Start of Block
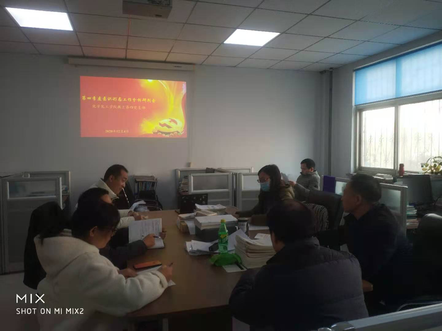 2020年12月4日下午,化学化工学院教工第四党支部在文化路校区7号楼308室召开专题会议,对支部第四季度意识形态形势进行研判分析。支部全体党员参加了会议(臧运波同志在永城市环保局挂职),会议由支部书记张弛主持。
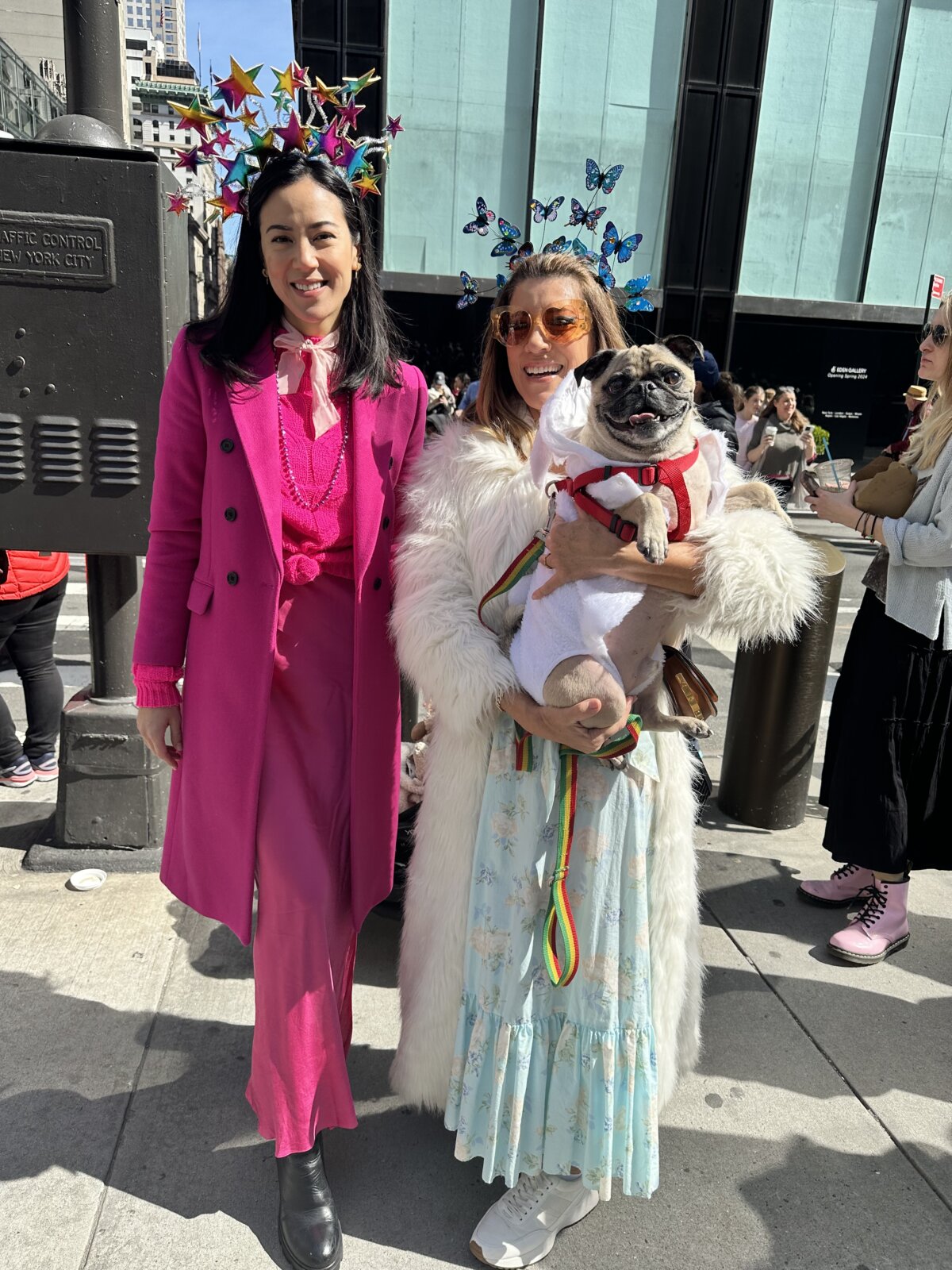 Đến từ Brazil, bà Enzo trang trí chiếc mũ của mình bằng hình những con bươm bướm và khoác cho chú chó của mình một bộ đồ thỏ Phục Sinh.
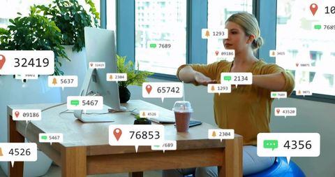 Remote worker stretching on stability ball at modern desk with social media alerts
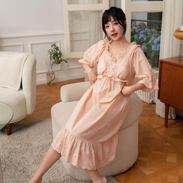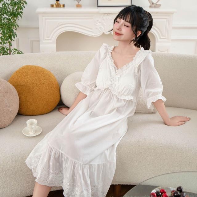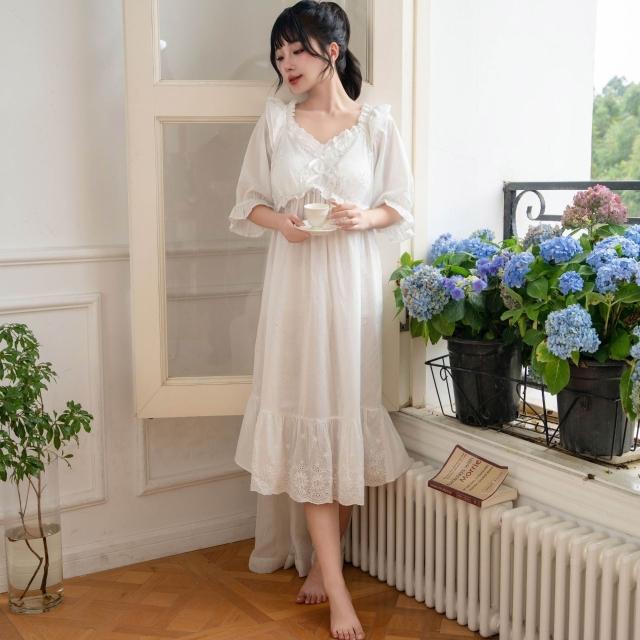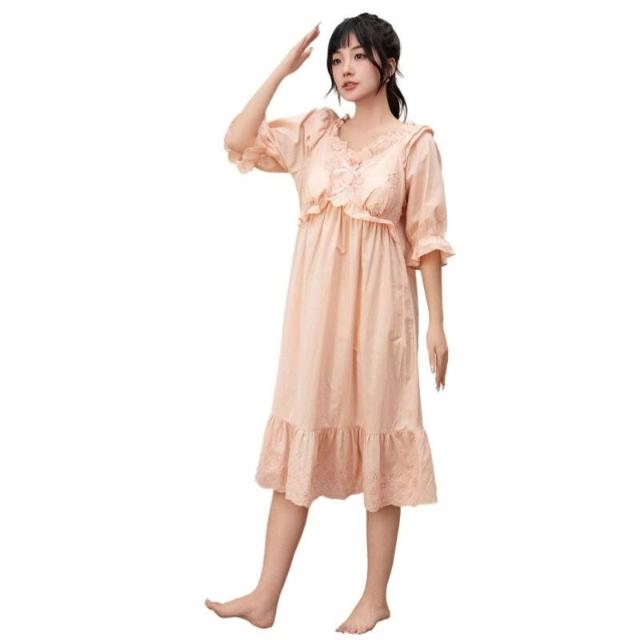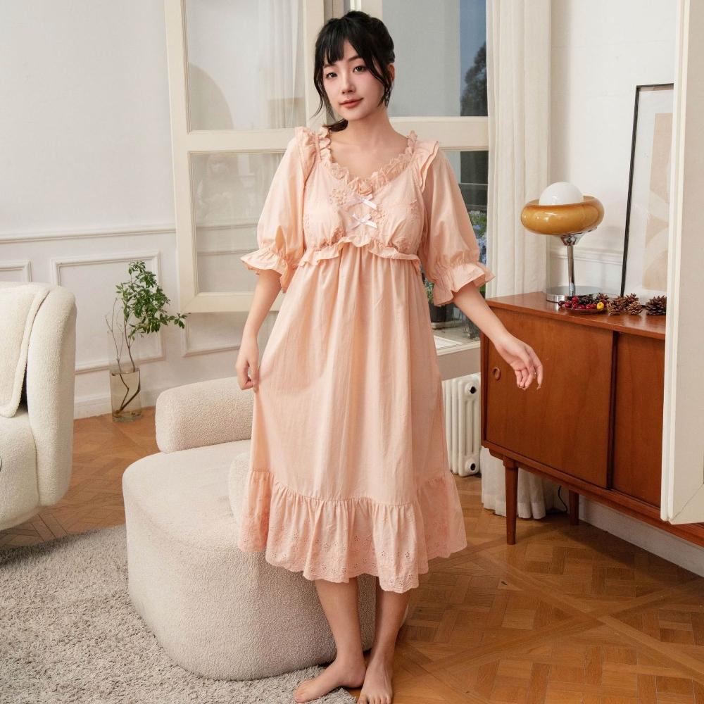 🎌日本工藝&柔軟親膚💨 加胸墊睡裙女夏季新款法式甜美寬松純棉布高級感睡衣公主風家居服
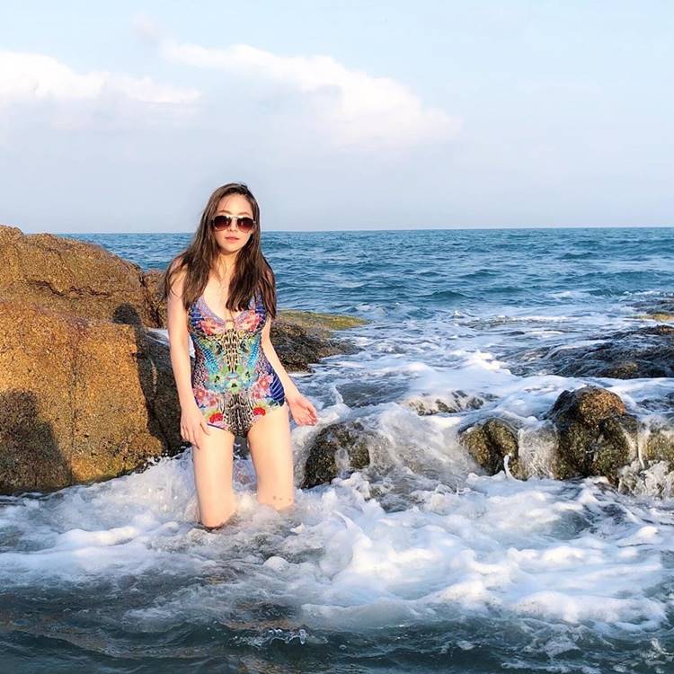 ลี นาตาลี เผยภาพในชุดว่ายน้ำลวดลายสุดเก๋ กับความขาวกระแทกตา โชว์เซ็กซี่ไม่มาก แต่สวยแซ่บสุดพลัง
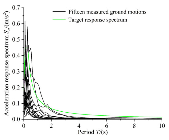 Due to the high lateral stiffness of the bridge, this study only considered longitudinal ground motion input. Fifteen measured ground motions were selected based on the target response spectrum, as listed in Table 9, with their acceleration response spectrum shown in Figure 7. These ground motions were carefully selected to be representative of the seismic hazard at the site, encompassing a range of magnitudes and source-to-site distances. The PGA of the measured ground motions was adjusted to 20 groups with intervals of 0.05 g, ranging from a minimum of 0 to a maximum of 1.0 g. The natural ground motions are amplitude-scaled to these values, resulting in a total of 300 ground motion records.
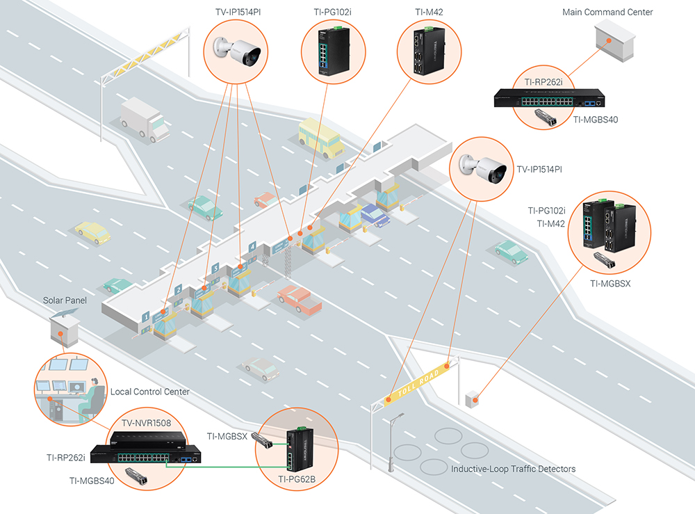 The Indoor/Outdoor PoE IR Bullet Network Cameras are also used with signage ahead of the tollbooth plaza for both surveillance and analytics. The Industrial Modbus Gateways connect both the Inductive-Loop Traffic Detectors and the Variable Message Signs (VMS) to the local network. Similar to the tollbooths, the Industrial Gigabit L2 Managed PoE+ DIN-Rail Switch networks devices located near the VMS to the Local Control Center via the Industrial SFP Multi-Mode Module.
End of Block
■ **Aim of the exercise**: What you return must match, character for character, the lines above from the one with "Đến từ Brazil, bà" through the one with "ลี นาตาลี เผยภาพในชุดว่ายน้ำลวดลายสุดเก๋", minus any pictures.

■ **Answer box**:
 Đến từ Brazil, bà Enzo trang trí chiếc mũ của mình bằng hình những con bươm bướm và khoác cho chú chó của mình một bộ đồ thỏ Phục Sinh.
 Remote worker stretching on stability ball at modern desk with social media alerts
 🎌日本工藝&柔軟親膚💨 加胸墊睡裙女夏季新款法式甜美寬松純棉布高級感睡衣公主風家居服
 ลี นาตาลี เผยภาพในชุดว่ายน้ำลวดลายสุดเก๋ กับความขาวกระแทกตา โชว์เซ็กซี่ไม่มาก แต่สวยแซ่บสุดพลัง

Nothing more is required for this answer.